For the classification case, we have performed two sets of experiments. In the first set, we have compared the performances of the standard kernel-PEGASOS and the RFF-PEGASOS on four datasets downloaded from Leon Bottou's LASVM web page [18]. The chosen datasets are (a) the Adult dataset, (b) the Banana dataset (where we have used the first 4000 points as training data and the remaining 1300 as testing data), (c) the Waveform dataset (where we have used the first 4000 points as training data and the remaining 1000 as testing data) and (d) the MNIST dataset (for the task of classifying the digit 8 versus the rest). The sizes of the datasets are given in Table 7.4. Table 7.5 reports the test errors for each dataset and each method, along with the total number of support vectors after training (only for the kernel-PEGASOS) and the respective time in seconds (in parentheses). The experiments were performed on an i7-3770 machine using a MatLab implementation. The parameters used in each method are reported in Table 7.3. The parameters were selected after extensive trials to give the best possible accuracy. The parentheses (after the title of the method) indicate the number of times the algorithm passed through the entire dataset. As expected from the theoretical analysis of the corresponding complexities, for datasets with a large number of support vectors (such as Adult and Banana), RFF-PEGASOS requires significantly less time than its standard implementation. For datasets with a medium number of SVs (such as Waveform), this difference is diminishing, while for datasets with very few SVs (e.g., MNIST) kernel-PEGASOS can be significantly faster.
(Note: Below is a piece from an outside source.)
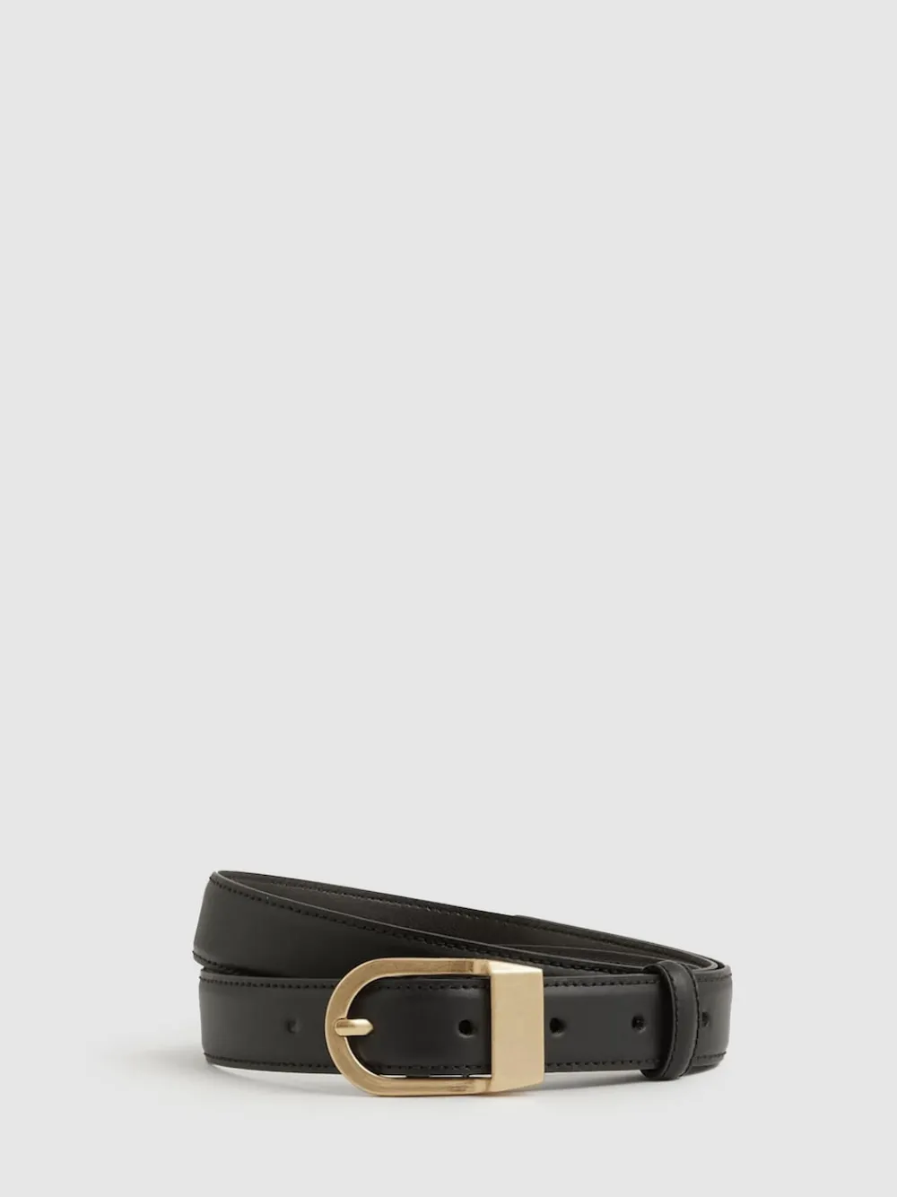 The Black Hazel belt is crafted from smooth leather for a refined finish. Its curved metal buckle adds a touch of timeless simplicity, making it a versatile wardrobe staple. 100% Leather Curved buckle fastening Breedte 3,5 cm 100% leer.

We note that, for the MNIST database, RFF-PEGASOS attains a 0.47% test error percentage after 20 reruns (19000 s).

Table 7.3

Parameters for each classification method

Method	Adult	Banana	Waveform	MNIST
Kernel-PEGASOS	$\begin{matrix} σ = \sqrt{10} \\ λ = 0.0000307 \end{matrix}$	$\begin{matrix} σ = 0.7 \\ λ = \frac{1}{316} \end{matrix}$	$\begin{matrix} σ = \sqrt{10} \\ λ = 0.001 \end{matrix}$	$\begin{matrix} σ = 4 \\ λ = 10^{- 7} \end{matrix}$
RFF-PEGASOS	$\begin{matrix} σ = \sqrt{10} \\ λ = 0.0000307 \\ D = 2000 \end{matrix}$	$\begin{matrix} σ = 0.7 \\ λ = \frac{1}{316} \\ D = 200 \end{matrix}$	$\begin{matrix} σ = \sqrt{10} \\ λ = 0.001 \\ D = 2000 \end{matrix}$	$\begin{matrix} σ = 4 \\ λ = 10^{- 7} \\ D = 100000 \end{matrix}$

Table 7.4

Dataset Information

Method	Adult	Banana	Waveform	MNIST
Training size	32562	4000	4000	60000
Testing size	16282	1300	1000	10000
dimensions	123	2	21	784

Table 7.5

Comparing the performances of kernel-PEGASOS and RFF-PEGASOS

Method	Adult	Banana	Waveform	MNIST
kernel-PEGASOS (1)	16.52% (8754 sv/129 s)	9.46% (1510 sv/0.42 s)	9.2% (1069 sv/0.52 s)	0.85% (940 sv/182 s)
kernel-PEGASOS (2)	15.89% (11009 sv/464 s)	9.46% (1696 sv/1.11 s)	9.8% (1237 sv/1.38 s)	0.56% (1194 sv/548 s)
kernel-PEGASOS (5)	15% (12513 sv/1660 s)	9.38% (1760 sv/3.22 s)	8.8% (1306 sv/4.05 s)	0.52% (1432 sv/1947 s)
kernel-PEGASOS (10)	14.83% (13078 sv/3804 s)	9.46% (1784 sv/6.77 s)	8.1% (1336 sv/8.61 s)	0.43% (1555 sv/4692 s)
RFF-PEGASOS (1)	16.55% (2.53 s)	9.61% (0.06 s)	9.3% (0.26 s)	0.96% (1908 s)
RFF-PEGASOS (2)	15.84% (5.02 s)	9.55% (0.09 s)	10.1% (0.51 s)	0.69% (3800 s)
RFF-PEGASOS (5)	14.95% (12.59 s)	9.69% (0.19 s)	8.9% (1.24 s)	0.55% (9463 s)
RFF-PEGASOS (10)	14.75% (25 s)	9.62% (0.36 s)	8.7% (2.45 s)	0.51% (18986 s)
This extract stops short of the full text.